奈良県中央部、国中平野、元、橿原市中町有り、庄屋を務めた国中地域を代表する典型的な茅葺き屋根の上級農家建築。
本瓦葺き下屋の上に桁行約13m、梁間8.5mの入母屋造、茅葺母屋を載せて居る。
建築年代は確証を欠くが、当家の過去帳によれば元禄16年(1703)に山ノ坊村より分家した頃の建築と推定されている。
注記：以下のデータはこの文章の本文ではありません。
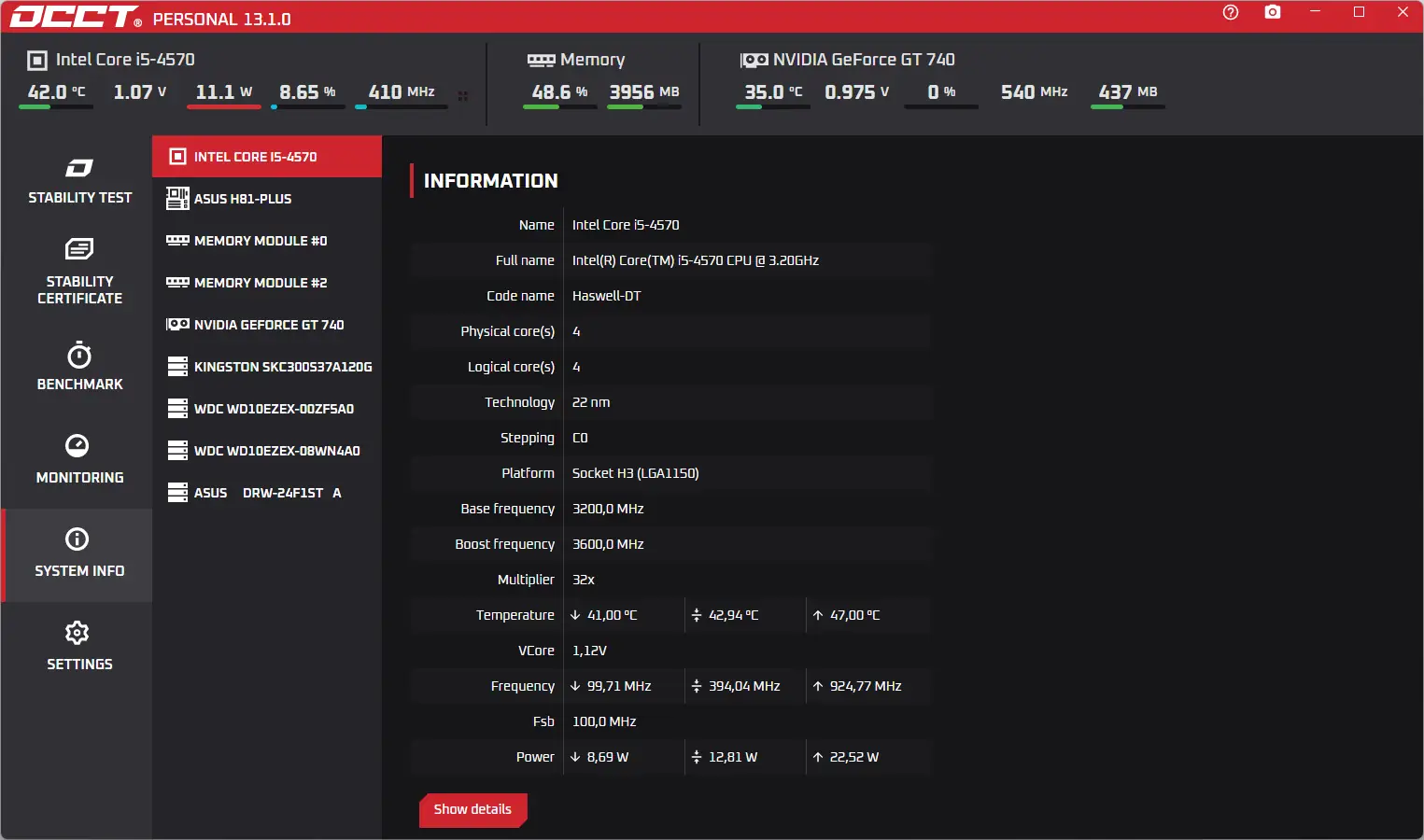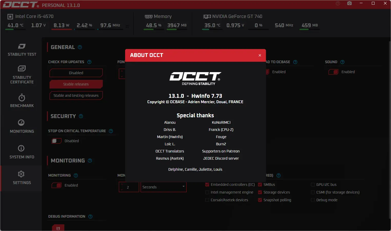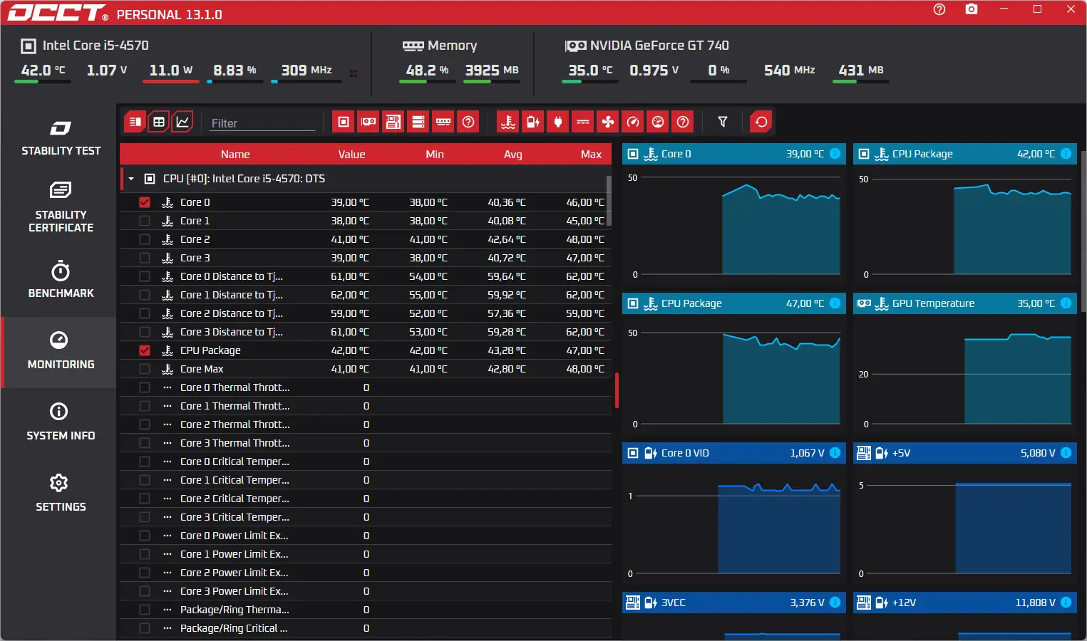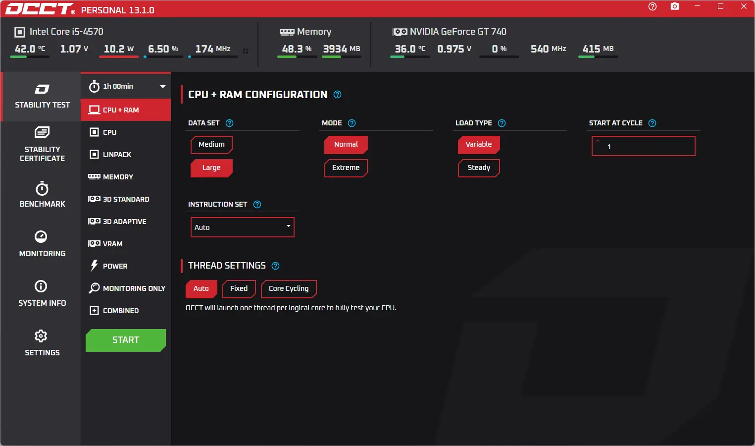 OCCT — мощная утилита для тестирования стабильности компьютерной системы, оценки производительности и выявления возможных сбоев в работе аппаратных компонентов. Программа проводит стресс-тесты центрального процессора, оперативной памяти и видеокарты, отслеживая температуру, напряжение и нагрузку в реальном времени. Результаты отображаются в виде наглядных графиков, что позволяет быстро проанализировать состояние системы.

国中の代表的な屋敷構えは、中央に南面して主屋を建て、表か裏かに物干し場をとる。
表側には長屋門を構え、この門の両端から奥へ、コの字形に納屋・稻小屋・米蔵・内蔵離座敷などの建物で取り囲むのが、いわゆる囲造りである。
当家もこの囲造りで、物干し場は主屋裏にあった
旧敷地は西側に南北の道に接し、南側に路地を作って南から主屋に通じていた。
主屋は、喰違(くいちが)い4間取り、屋根は大和棟、周囲に本瓦葺の庇をめぐらしており、吉川禎一家と比べると、土間とミセノマ境・ナンド入口などが開放的となり、発達した形式を示しています。
特に居室部の間仕切りの発展を知るうえでも貴重です。